The red was too dark and the picture itself was too dark for my apple green kitchen. But since it was a romantic picture, it went in my bedroom. While it was a thoughtful and beautiful gift, I never liked the colors for my house, and it always felt too dark to me.

This past summer I finally replaced the picture in my room and put it in a yard sale to declutter my house. Along with it I placed a wooden frame to get rid of as well. Neither of them sold. So back in the house they went.

One day I was going through items I still had to get rid of. When placing the frame (pictured above) against the picture I was seeking to eliminate, it suddenly struck me. Wow this frame beautifully captures the color and elegance of the picture. And just like that I instantly loved the picture!

Like a revelation, my mind began whirling. How much does this frame and picture symbolize the mindset in which we live? Like this frame pictured above, we bring our mindset to all of life’s circumstances we will encounter, including our environments.

It’s easy to feel secure, and happy when our circumstances are sunny, and bright. But when the clouds come and rain on us, does our happiness wash away when we encounter the first classroom disruption? When our life, including our emotional state, is made up of our circumstances, or environment we will be like the house built on the sand in the parable found in Matthew. The first wave to wash up on the shore, and our emotional state will crumble to pieces in front of everyone. This was me.

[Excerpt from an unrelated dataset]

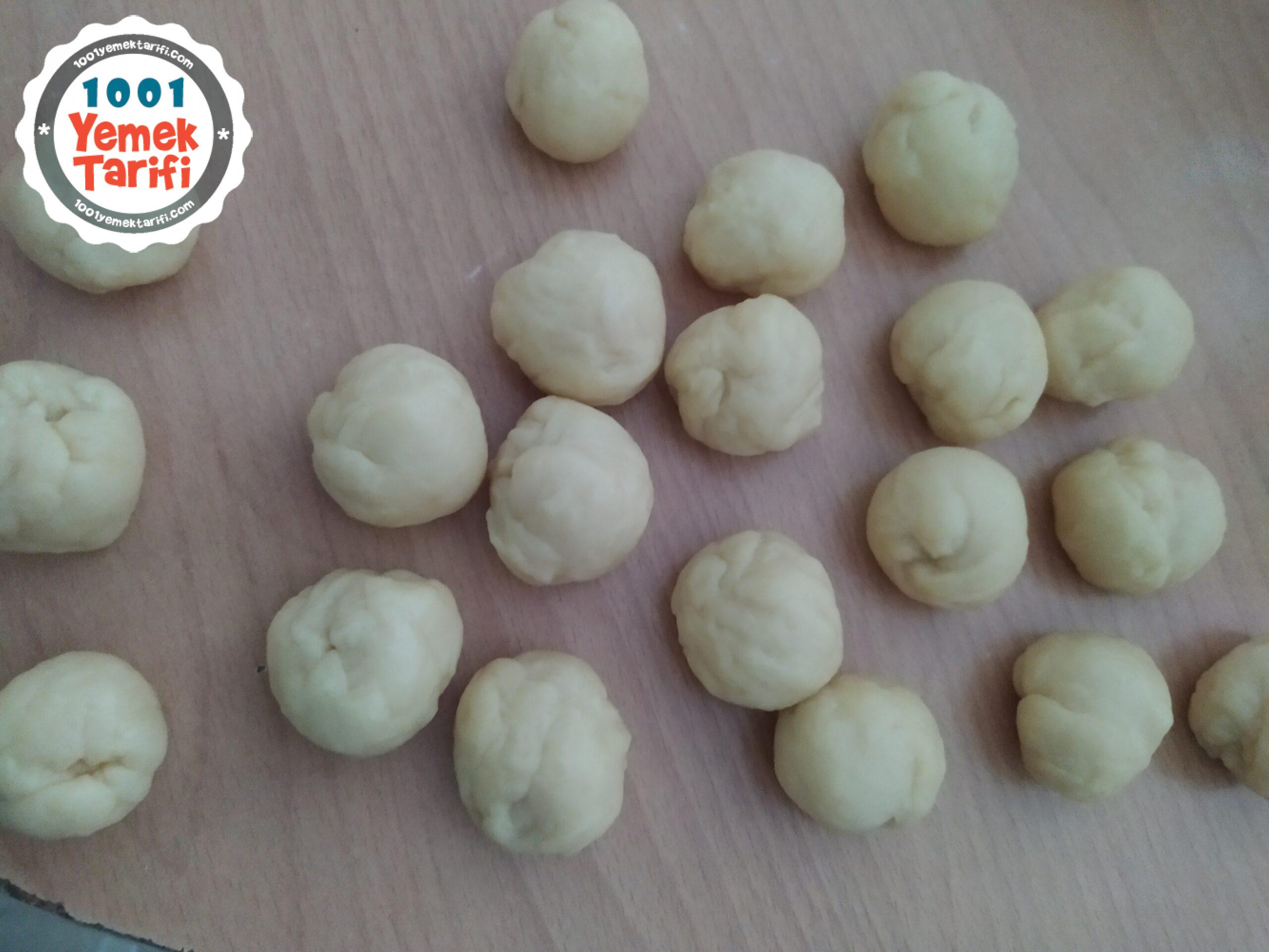 - Öncelikle hamur için tüm malzemeleri karıştırma kabına alalım ve iyice yoğuralım. Hamuru 30 adet ceviz büyüklüğünde parçaya bölelim.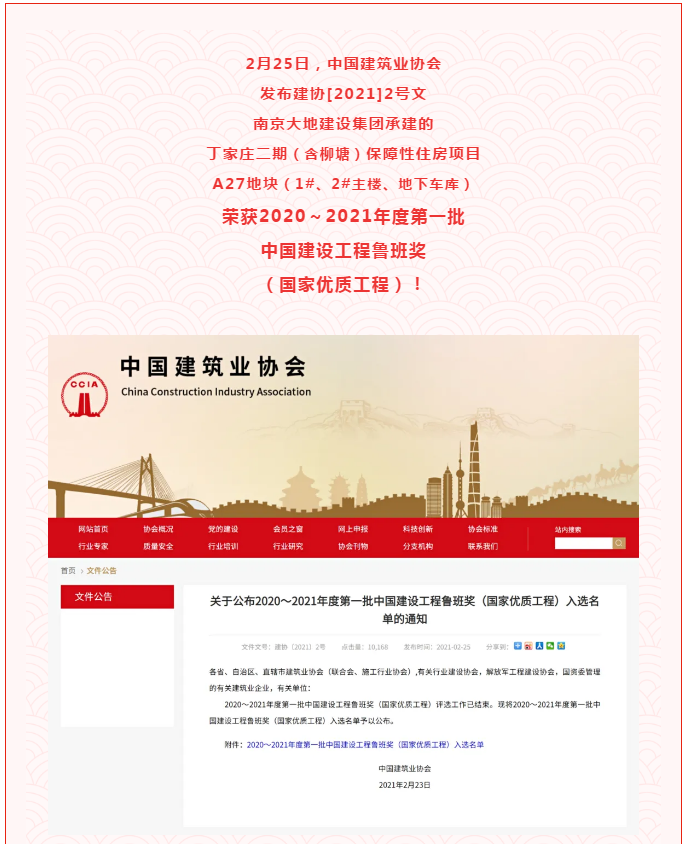 喜讯 | 南京平博在线官网建设集团再获“鲁班奖”!

To be completely honest, I have always struggled with being easily perturbed emotionally by disruptions, or other circumstances, and it became easy for me to become overwhelmed. One day, when dealing with a class that seemed particularly in need of an attitude adjustment, I sat at my desk spiraling into a mental state of such frustration. I could barely contain myself.

My thought? I should just grab control of the room and lay into them. After all, their attitudes were awful, their behavior was awful, and they needed to be disciplined.

During this particular week, I had actually had a veteran teacher tell me he broke down crying during his class from complete frustration. These kids sitting before me, had had almost every teacher “lay into them,” at this point. So why shouldn’t I? They deserve it, right? The problem was this method had not worked for me so far. It had not served me well. The more I meditated on this fact, the more I realized, these kids did not need an attitude adjustment, it was me. As hard as it was for me to admit this, I knew it was true. It was me setting the mood and the tone in my classroom, and it began with MY attitude. The students would relax and enjoy themselves if I could.

Admittedly, my attitude was horrible. I had a decision to make. I had to find a way to get some joy, or I wasn’t going to make it through the class, let alone the rest of the day. My attitude had to change and quickly.

I was grasping at straws in order to do this. So, I did the first thing I could think of. I grabbed a dollar bill and told the class the first person who can make me laugh will get this dollar bill. They each took turns, one after the other telling me jokes, or doing funny and silly things. An interesting thing happened, not only did my attitude change when I set my mind to it… but the entire class had a change of attitude. No more grumbling and complaining or being defiant or disrespectful. I realized that my change of mindset was able to shift the entire room.

The other amazing lesson which came out of this was that the kids, when given the chance to take the ball and run with it, never ONCE became inappropriate with their humor in any way. The expectations had been clearly laid in my classroom and they knew them well. I didn’t need to go over my expectations with the class again. The one who needed to follow the expectations in the room WAS ME!

Going home that evening, it struck me how many teachers were so frustrated with these same students and were getting nowhere. Every one of these students saw one bad attitude after another (from their teachers). Was their behavior good? NO. Was their attitude good? NO. But it was able to be changed when my attitude changed.

No, there was no trick to this. I just had to fight for my joy and choose to change my mindset. What a thought. I had the ability to change my mindset, no matter what mindset my students had. Yes, I could have even told you this before this day, however, seeing the shift in the students on one of my most difficult days in this school year I couldn’t deny, that I had some work to do on my personal mindset and specifically my attitude. The work had to be done by ME.

Thank you for reading today’s blog! I pray you are blessed and encouraged.